SUPPLIED INFORMATION
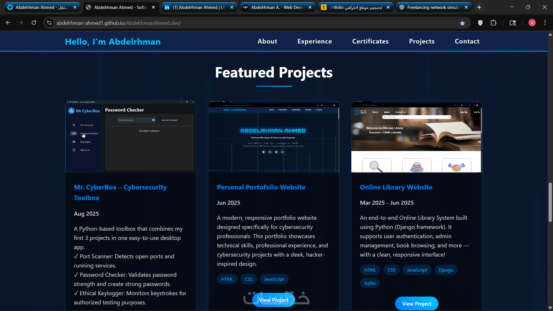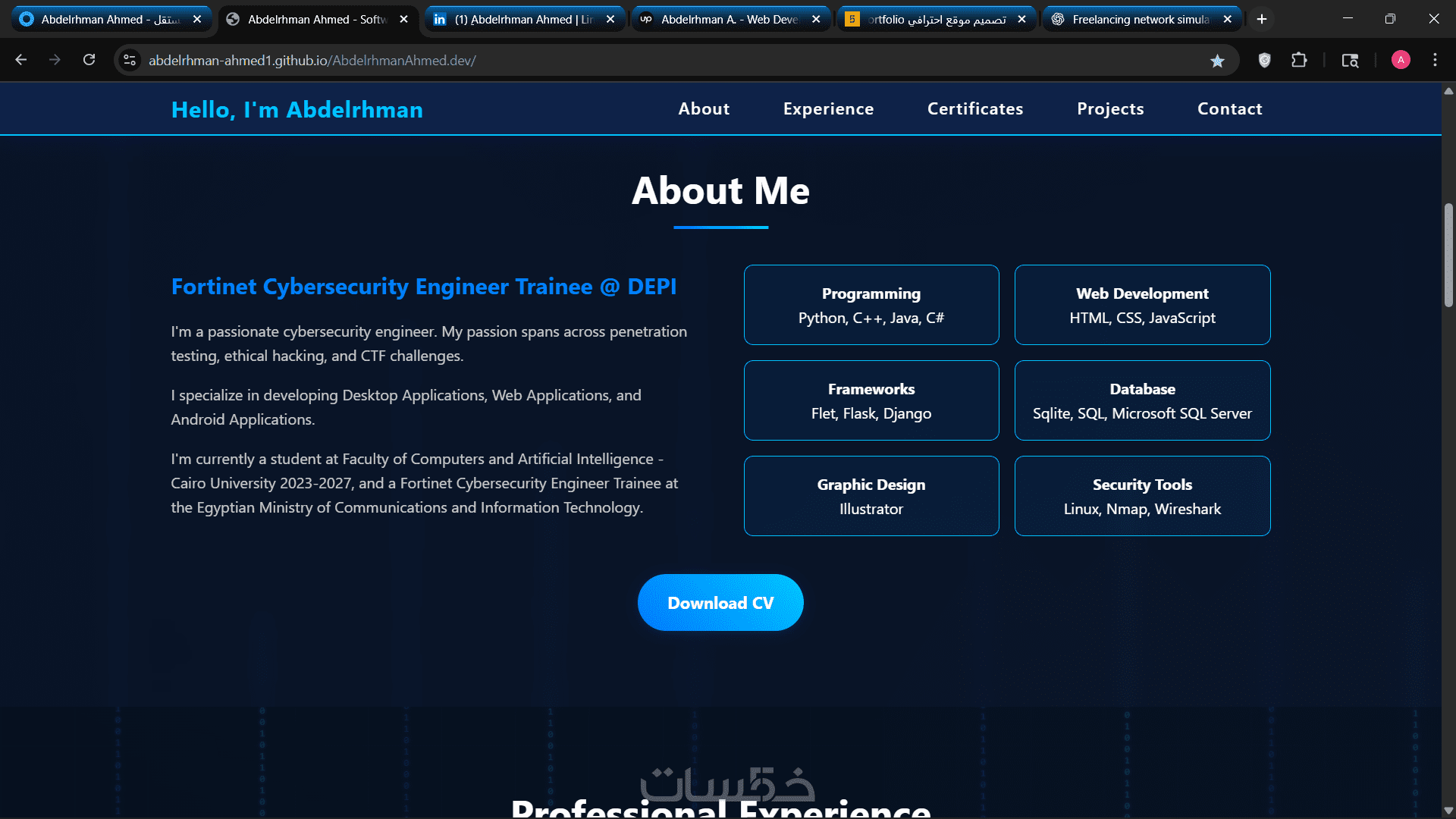 تصميم صفحة تعريف شخصية إلكترونية Portfolio
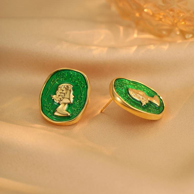 ต่างหูแบบเกาหลีสไตล์เรโทร ชุบทองบนทองแดง ประดับด้วยพลอยเซอร์คอนทรงเจ้าหญิง ดีไซน์ลายนูนรูปทรงเรขาคณิต เหมาะสำหรับเป็นของขวัญ
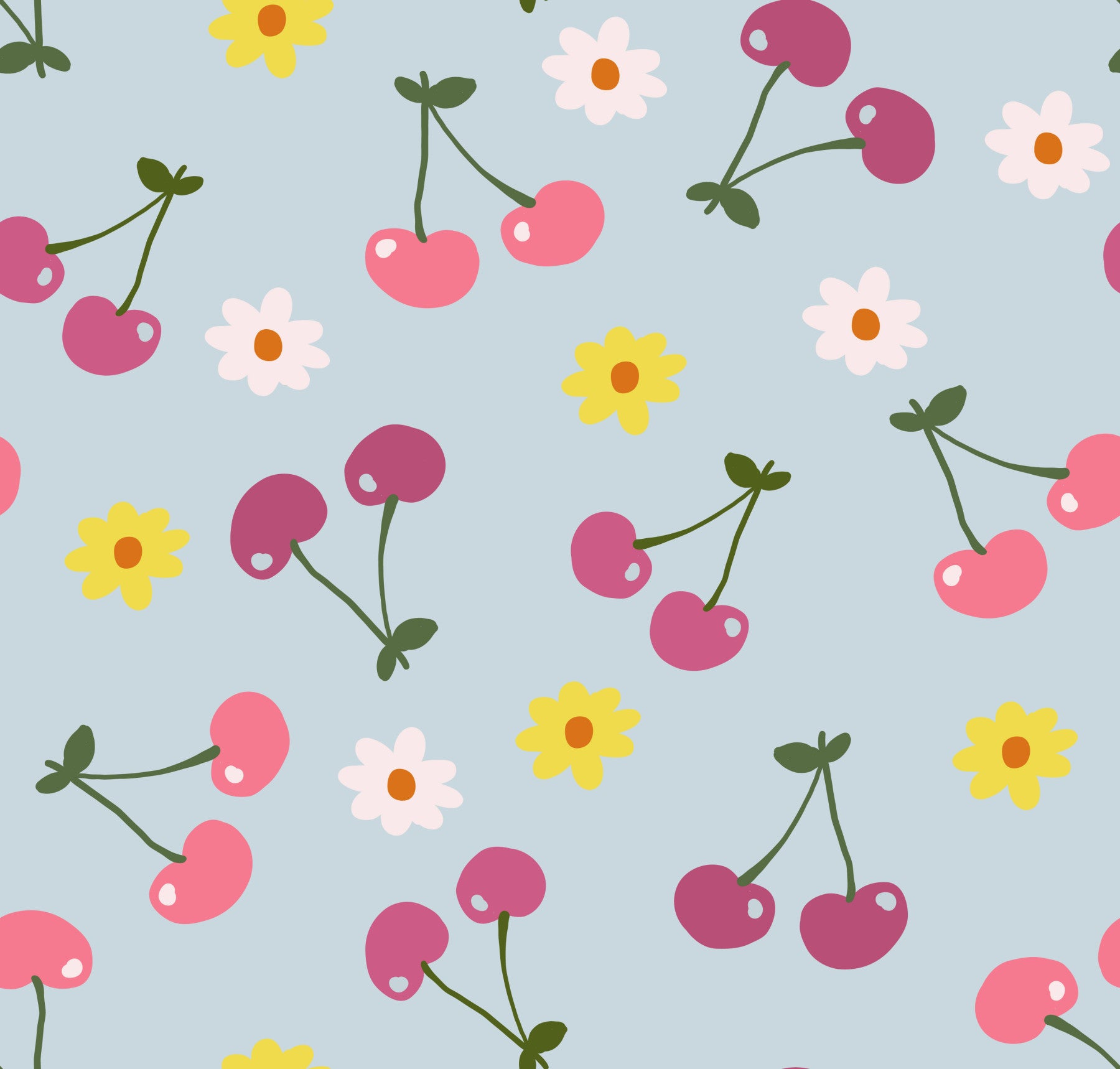 Bring a touch of playful charm into your home with this delightful cherry and flower wallpaper. This cheerful design features hand-drawn cherries and daisies scattered across a soft blue backdrop. The simple, bold shapes create a fresh and vibrant look. This wallpaper for walls brightens any space. Ideal for a kitchen, nursery, or children's room, it adds a light and airy feel that will cheer up your interiors. Transform your living space with this fun and stylish design!
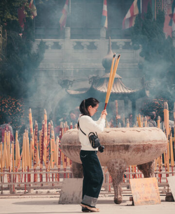 A serene scene of traditional rituals at the temple, where incense offerings fill the air, symbolizing deep devotion and culture.

BRIEF
Nothing but the lines from the beginning of the material through the line with "Bring a touch" should appear, printed exactly, with no pictures among them.

EXERCISE RESPONSE
 تصميم صفحة تعريف شخصية إلكترونية Portfolio
 ต่างหูแบบเกาหลีสไตล์เรโทร ชุบทองบนทองแดง ประดับด้วยพลอยเซอร์คอนทรงเจ้าหญิง ดีไซน์ลายนูนรูปทรงเรขาคณิต เหมาะสำหรับเป็นของขวัญ
 Bring a touch of playful charm into your home with this delightful cherry and flower wallpaper. This cheerful design features hand-drawn cherries and daisies scattered across a soft blue backdrop. The simple, bold shapes create a fresh and vibrant look. This wallpaper for walls brightens any space. Ideal for a kitchen, nursery, or children's room, it adds a light and airy feel that will cheer up your interiors. Transform your living space with this fun and stylish design!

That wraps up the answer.